I think that the current numbers of comic book movies are unsustainable, below I give 4 reasons why I think the comic book movie will run out of steam sooner than we may think.
1, Movie tastes are cyclical, Star wars spawned lesser clones, launched cinematic star trek and influenced other franchises such as James Bond. The era of Star Wars spilled into TV with shows like Buck Rogers and Battlestar Galactica. Before Star Wars there was a time when there were hundreds of westerns released year on year. Film noir, war movies all have held centre stage, and subsequently passed on. Film, like anything, is subject to zeitgeist, in this instance a cultural response to 9/11 in which a civilian population devastated by an attack embrace the idea that one person could make a difference. The comic book movie feeds that ideal, and the comic films themselves embraced this, the Dark Knight trilogy is almost exclusively about Batman vs terrorists, fanatical foreigners who judge Gotham’s way of life and seek to punish its citizens (sound familiar?).

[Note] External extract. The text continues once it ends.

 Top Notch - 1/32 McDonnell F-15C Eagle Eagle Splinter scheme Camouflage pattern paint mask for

Meanwhile Superman’s first act in Superman Returns is to save a stricken plane falling from the sky, it is not analogy, its explicit reference. Zeitgeist, or more crudely fashion has one constant, that it changes.

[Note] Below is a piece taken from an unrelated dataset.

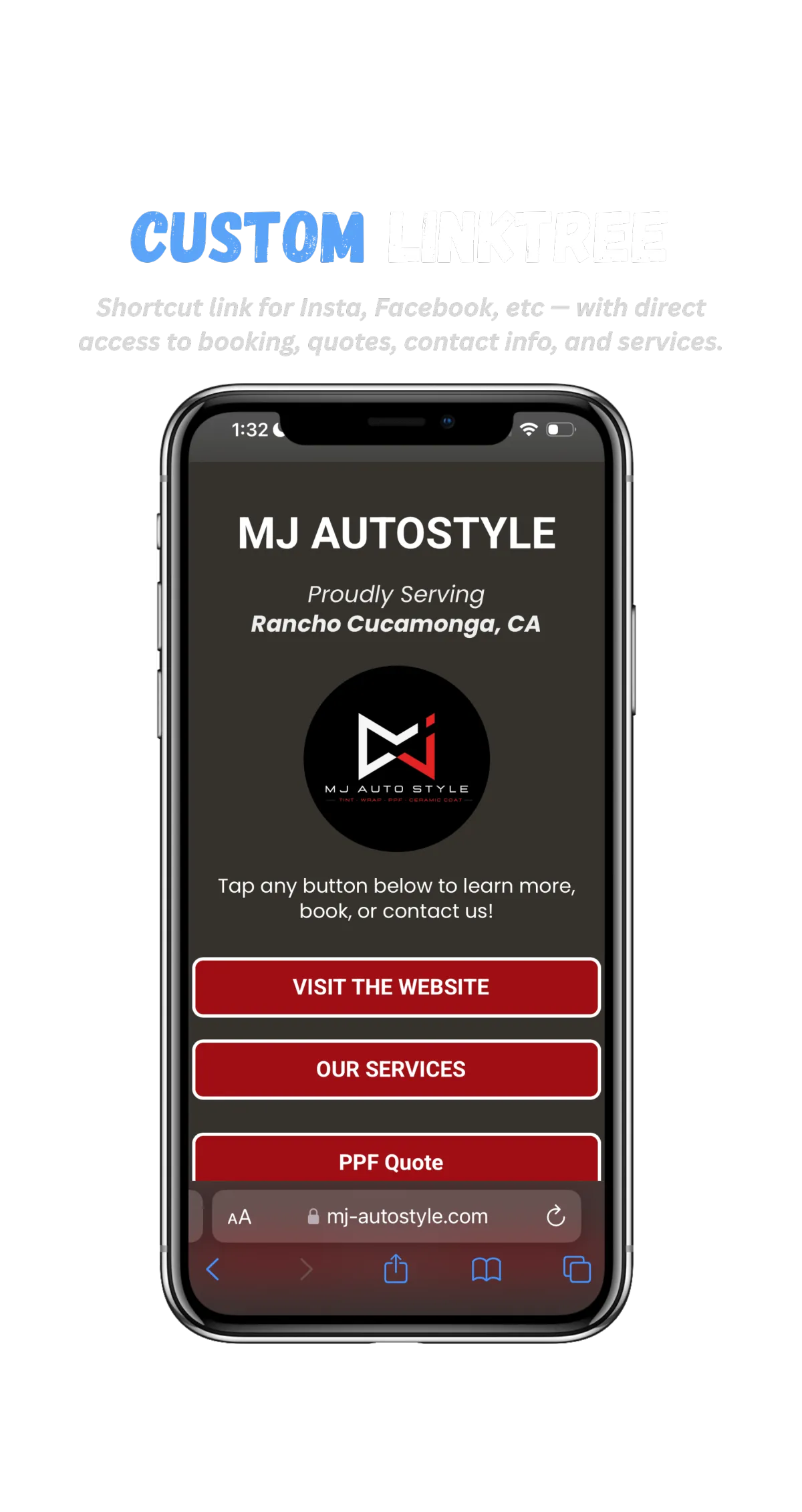 We build (or connect) a website + Linktree-style hub made for mobile detailers with buttons for booking, quotes, services, and contact — built to convert.

2, The economic case: The Comic book movie is becoming increasingly common, Marvel release 2 movies a year, Fox are releasing at least one Fantastic Four or X Men film a year and Sony is looking at releasing a Spiderman franchise film a year. DC/WB are releasing their own movies at a slower rate but if predictions are correct then we can expect at least an annual instalment of Batman, Superman, Wonder woman, Flash or Green Lantern or any team ups therein. 2016 could easily see the following line up; X Men Apocalypse, Fantastic 4, Thor 3, Captain America 3, Venom, AMSM 3, Batman vs Superman
On TV we will have Arrow season 4 and Flash season 2, Gotham series 2, Agents of Shield, Peggy Carter Director of Shield, Daredevil, Luke Cage and Jessica Jones TV series.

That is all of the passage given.